But here is the one thing a number of people have asked me not to do in the second book:
swear.
The first person to comment on the swearing in book numero uno was Joan Fontaine, whom my mother met in a hardware store in Carmel, California, because Miss Fontaine has a taste for Belgian shoes—said shoes being the premier footwear fetish of my family.
Mom thought Miss Fontaine might be amused by my book, as Belgian shoes are in it. Miss Fontaine read an ARC of A Field of Darkness, but did not comment on the whole shoe thing. She basically said she thought the language in the book was appalling, which caused her not to enjoy the experience of reading it.

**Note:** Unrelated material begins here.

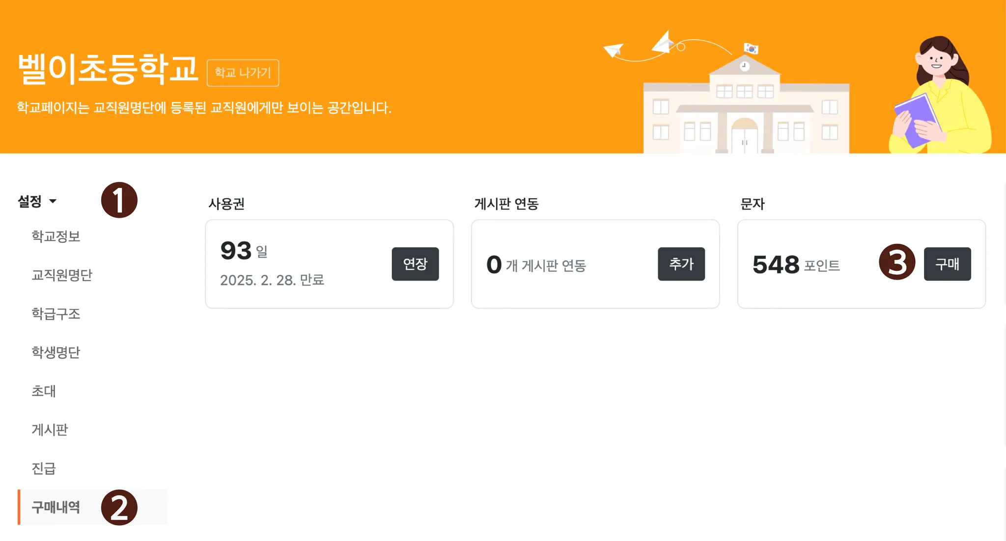 학교페이지에서 ❶설정 > ❷구매내역 > ❸문자 구매 눌러주세요.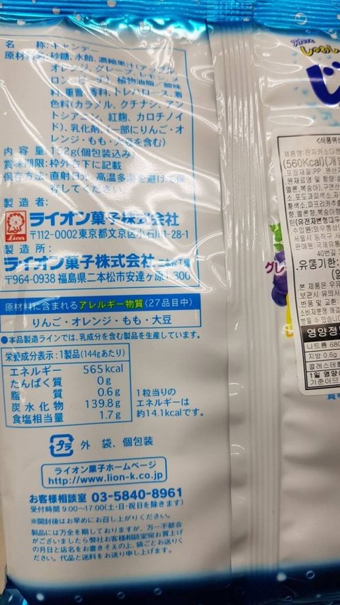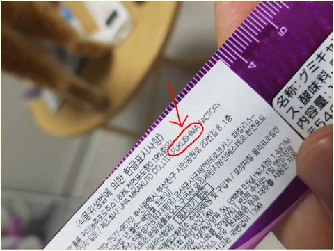 한국 판매중인 후쿠시마산과 근처 과자,캔디,젤리. 4개

The flap copy on the hardcover starts out with the first three sentences of the book itself, which read as follows:
There are people who can be happy anywhere. I am not one of them.
When the house on the next street went up in flames for the second night in a row, I wondered again what the hell I was doing in Syracuse.
Only they took out the word “hell,” in the flap copy.
When I got to read over the flap copy, I put the word “hell” back in.
nlikely as this may sound, my very kind editor emailed to say that they couldn’t say “hell” in the flap copy, in case anyone who read the flap copy, in, say, a bookstore, would be offended.
Considering that one of the main characters is named “Ice [insert word- that-rhymes- with-‘runt’- but-does-not-start- with-the- letter-‘R’ here],” I wondered what would happen if people offended by the word “hell” ended up actually reading the book.
Here is what happens. They write reviews on Amazon which say things like:
“The foul language, which I think is supposed to be smart, sassy, and funny, is grossly overdone and gets in the way.”
Which is a sentiment that has been repeated on DorothyL. Repeatedly.
And I'm perfectly okay with that.
Seriously.
However I would like to state here, for the record, that the foul language in my first book is not supposed to be smart, sassy, or funny. It is just supposed to be foul.
And I would also like to state, for the record, that I respect the right of anyone not to swear.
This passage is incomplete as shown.